Exercise requirements →
Set the listing down again in full, word for word, with the pictures left out.

Exercise data →
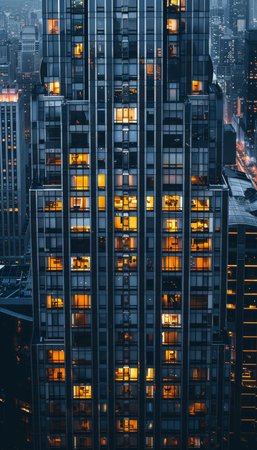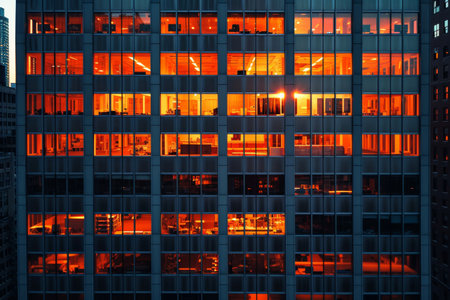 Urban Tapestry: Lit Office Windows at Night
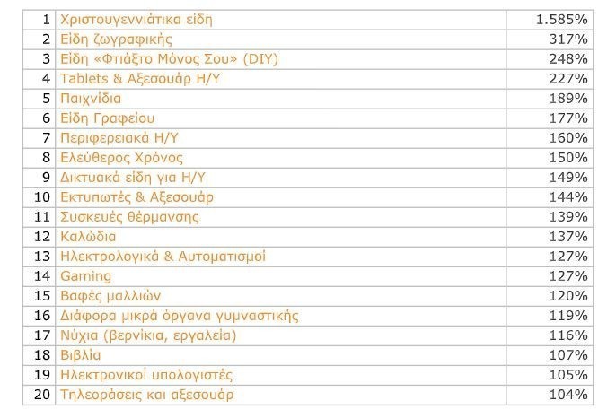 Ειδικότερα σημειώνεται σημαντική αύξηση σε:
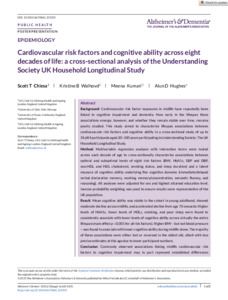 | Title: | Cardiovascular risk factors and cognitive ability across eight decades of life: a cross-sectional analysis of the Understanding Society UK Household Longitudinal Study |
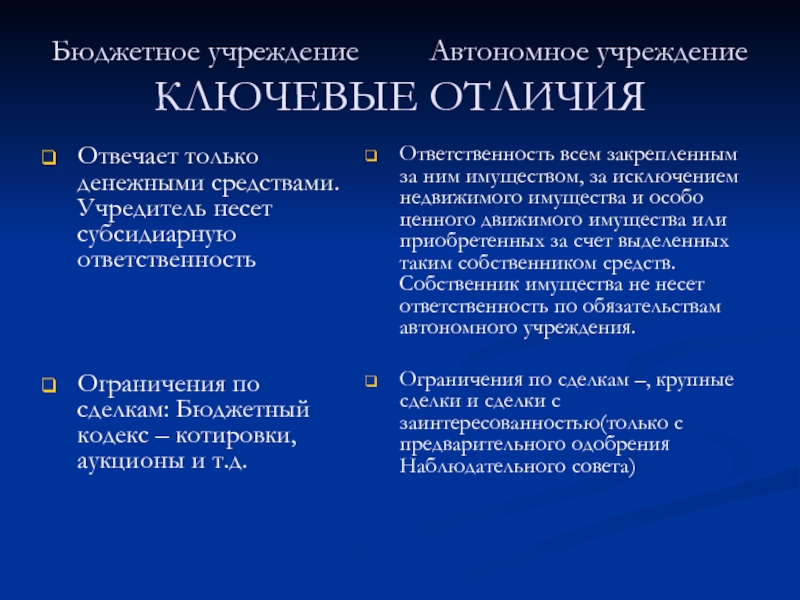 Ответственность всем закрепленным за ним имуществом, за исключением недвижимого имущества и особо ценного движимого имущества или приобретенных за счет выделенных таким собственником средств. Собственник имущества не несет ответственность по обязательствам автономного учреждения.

Exercise solution →
 Urban Tapestry: Lit Office Windows at Night
 Ειδικότερα σημειώνεται σημαντική αύξηση σε:
 | Title: | Cardiovascular risk factors and cognitive ability across eight decades of life: a cross-sectional analysis of the Understanding Society UK Household Longitudinal Study |
 Ответственность всем закрепленным за ним имуществом, за исключением недвижимого имущества и особо ценного движимого имущества или приобретенных за счет выделенных таким собственником средств. Собственник имущества не несет ответственность по обязательствам автономного учреждения.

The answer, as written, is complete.